From the first line to the last, retype everything below exactly, minus the pictures.

→ **Information shown**
=== Begin Enclosure ===

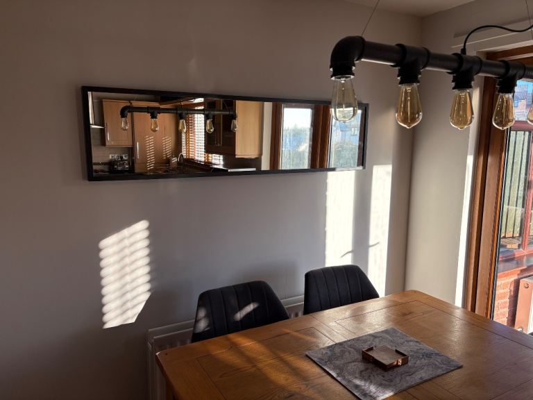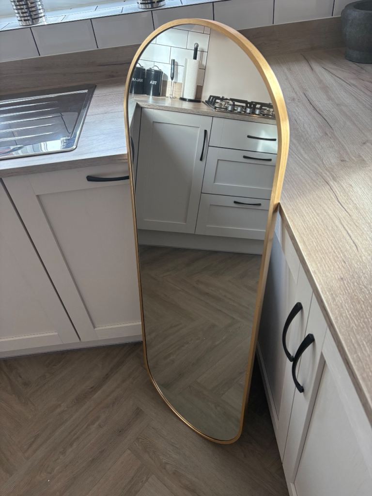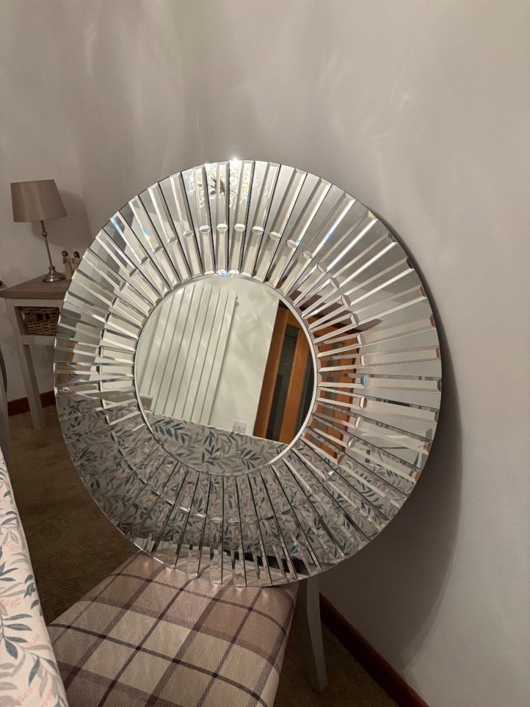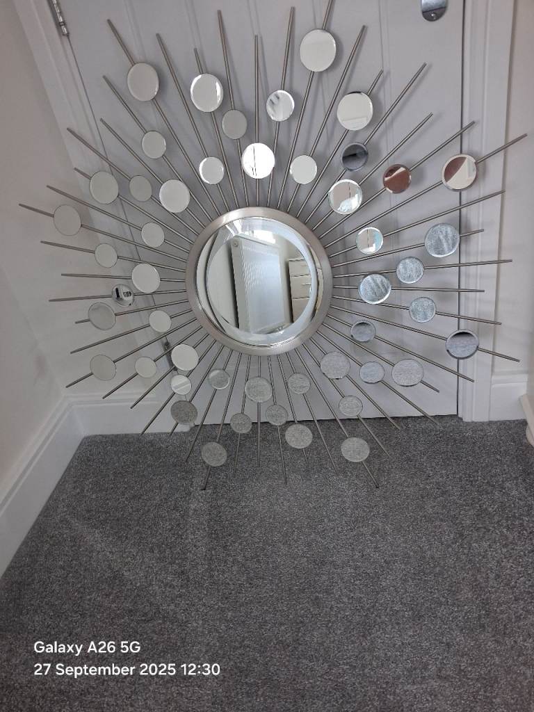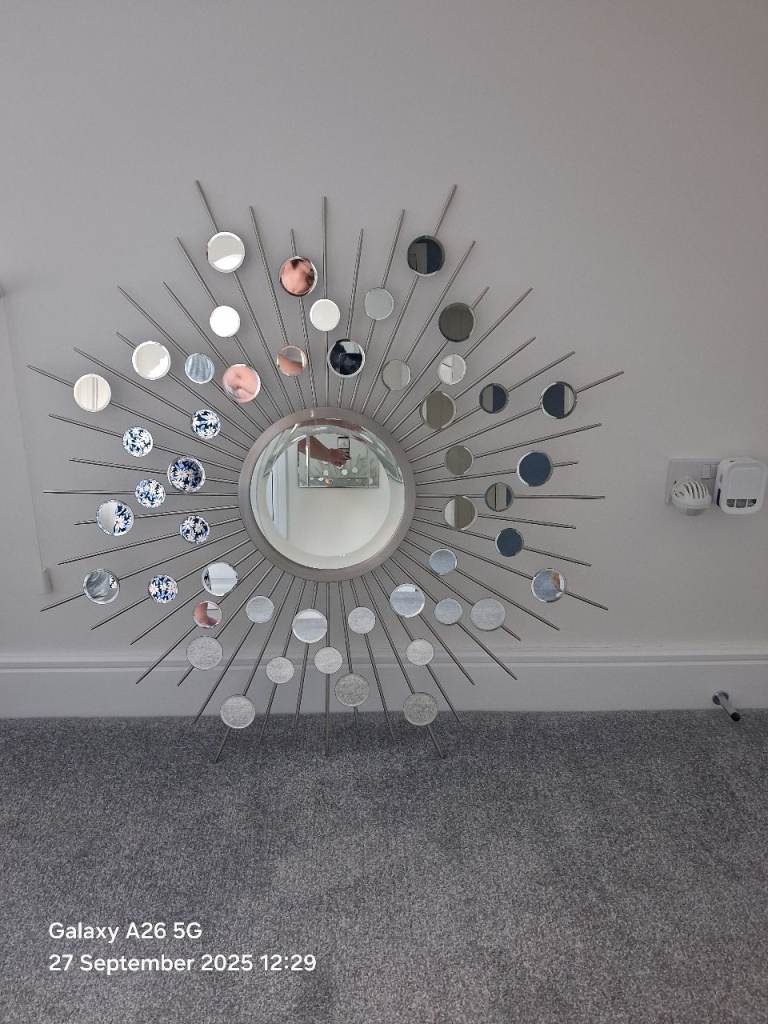 Large wall mirror spokes with small round mirrors on and large mirror in the middle
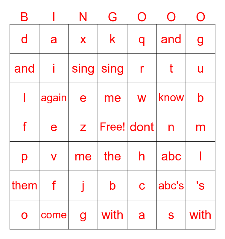 This bingo card has a free space and 55 words: a, b, c, d, e, f, g, h, i, j, k, l, m, n, o, p, q, r, s, t, u, v, w, x, y, and, z, now, I, know, my, abc, 's, come, and, sing, them, again, with, me, a, b, c, d, e, f, g, h, dont, sing, the, abc's, with, me and reeeeeeeeeeee.
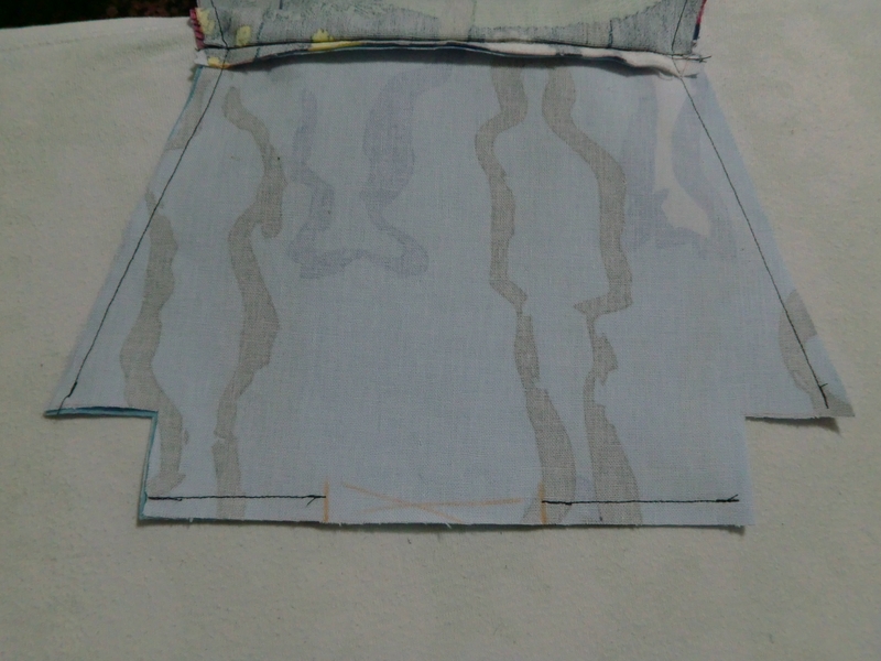 El siguiente paso es pegar la entretela a ambas piezas del forro (o del exterior, como se prefiera). Simplemente se coloca la tela con el revés hacia arriba y encima se coloca la entretela con la parte brillante hacia abajo. Se plancha (sin vapor) y moviendo muy poco la plancha para evitar arrugas. Una vez que haya enfriado se corta el exceso de entretela. Truco: colocar una tela debajo de todo esto (entre la tabla de planchar y la tela del forro), pues la entretela se pega mucho y así evitaréis ensuciar la funda de la tabla de planchar.
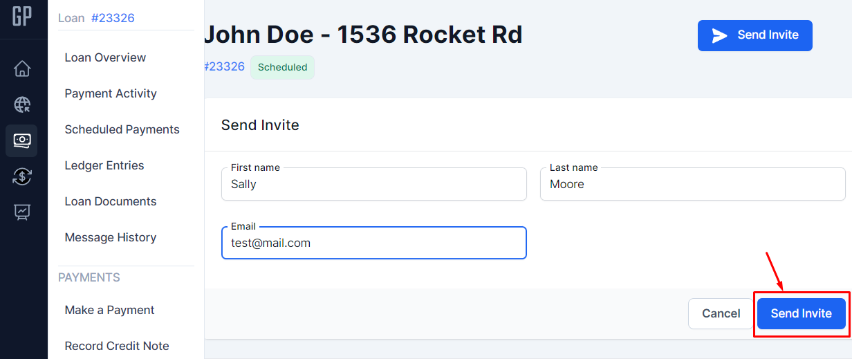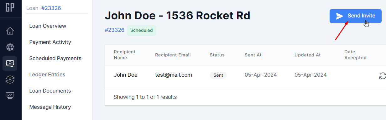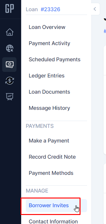Inviting the Borrower Once a loan is set up, you can start inviting your Borrower so they can view the loan and make payments.You may do this through the "Borrower Invites" sectionClick on "Send Invite" buttonEnter the Borrower's name and email address then click on the "Send Invite" button No results found

=== End Enclosure ===

→ **Finished task**
 Large wall mirror spokes with small round mirrors on and large mirror in the middle
 This bingo card has a free space and 55 words: a, b, c, d, e, f, g, h, i, j, k, l, m, n, o, p, q, r, s, t, u, v, w, x, y, and, z, now, I, know, my, abc, 's, come, and, sing, them, again, with, me, a, b, c, d, e, f, g, h, dont, sing, the, abc's, with, me and reeeeeeeeeeee.
 El siguiente paso es pegar la entretela a ambas piezas del forro (o del exterior, como se prefiera). Simplemente se coloca la tela con el revés hacia arriba y encima se coloca la entretela con la parte brillante hacia abajo. Se plancha (sin vapor) y moviendo muy poco la plancha para evitar arrugas. Una vez que haya enfriado se corta el exceso de entretela. Truco: colocar una tela debajo de todo esto (entre la tabla de planchar y la tela del forro), pues la entretela se pega mucho y así evitaréis ensuciar la funda de la tabla de planchar.
Inviting the Borrower Once a loan is set up, you can start inviting your Borrower so they can view the loan and make payments.You may do this through the "Borrower Invites" sectionClick on "Send Invite" buttonEnter the Borrower's name and email address then click on the "Send Invite" button No results found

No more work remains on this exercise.